Барин начал свистать, хлопать в ладоши, стучать ногой в пол, кричать: «Эге! эй, вы!» и проч. и взбудоражил своими криками весь дом. Тогда не только Трошка, сбежалась вся дворня, тоже как будто со сна. Распоряжения о посылке экипажа за Скуляковым были сделаны. Мы умылись, оделись и отправились в гостиную. Сборная мебель в этой комнате была расставлена в умышленном беспорядке, так что почти проходу не было; на столе лежали какие-то книжки с картинками и стоял рыцарь в коротенькой кацавейке с капюшоном, с позолоченными ляжками и икрами и со вздернутыми кверху носками туфлей, державший на полке солнечную лампу; перед средним диваном разостлан был коврик, а по углам торчали какие-то засохшие растения. Во всем претензия и хвастовство при отсутствии средств, все напоказ для других, а не для себя, нигде уюта и удобства. В этом доме охватывала нового человека тоска и чувствовалось отсутствие жизни. В гостиной никого не было. Летищев подошел к закрытой двери, которая, вероятно, вела на половину хозяйки, начал стучать в дверь и кричать:
– Душенька, душенька! я привел к тебе гостя… Слабый голос отвечал на этот крик:
– Сейчас…
В ожидании хозяйки я подошел к двери, выходившей в садик. В этом садике вместо деревьев торчали тоненькие палки с засохшими и скорчившимися на них листиками между кое-где прорывавшеюся зеленью. Против этой двери шла дорожка, усыпанная песком, упиравшаяся в некрашеный забор; а посредине ее стояла какая-то печальная фигура женщины с поднятою рукою, на пьедестале, который был закрыт цветами, повесившими головки.

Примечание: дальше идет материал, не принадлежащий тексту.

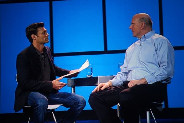 Выступление Стива Баллмера было построено в форме диалога, и помогал ему в этом известный ведущий американского телевидения Райан Сикрест (Rayan Seacrest). Они вели спокойную и неторопливую беседу (что, в общем, нехарактерно для Стива Баллмера, обычно он очень экспрессивен). Телесуфлер находился практически за нашими местами, так что можно было проконсультироваться, если чего-то не услышал со сцены.

Через несколько минут хозяйка дома вошла в комнату. Ей казалось на вид лет около тридцати. Черты лица ее были неправильны, но имели выражение симпатическое. Густые и темные волосы, зачесанные гладко, но волнистые от природы, украшали ее болезненное лицо, в котором не было ни кровинки. В ее светло-карих небольших глазах выражались не то тоска, не то утомление, трудно было решить с первого взгляда. Эти глаза изредка вспыхивали, как я заметил потом, но не оживляясь, тусклым пламенем, как будто от внутренней боли, и опять потухали через мгновение… Она казалась высока от страшной худобы, и во всей ее фигуре обнаруживалось по временам нервическое подергиванье, которое особенно было заметно в движении ее бледных и тонких пальцев.
Летищев, представляя меня, назвал своим первым другом. Затем начались обыкновенные в таких случаях расспросы: «Давно ли я приехал? надолго ли? живал ли я прежде в деревне?» и прочее. Голос ее был необыкновенно слаб, она, говоря, как будто делала некоторое усилие, иногда останавливалась посредине фразы и глухо кашляла, приставляя платок к губам. Все это с первого раза поразило меня, возбудив участие к этой женщине, и отбило всякое снисхождение к моему товарищу.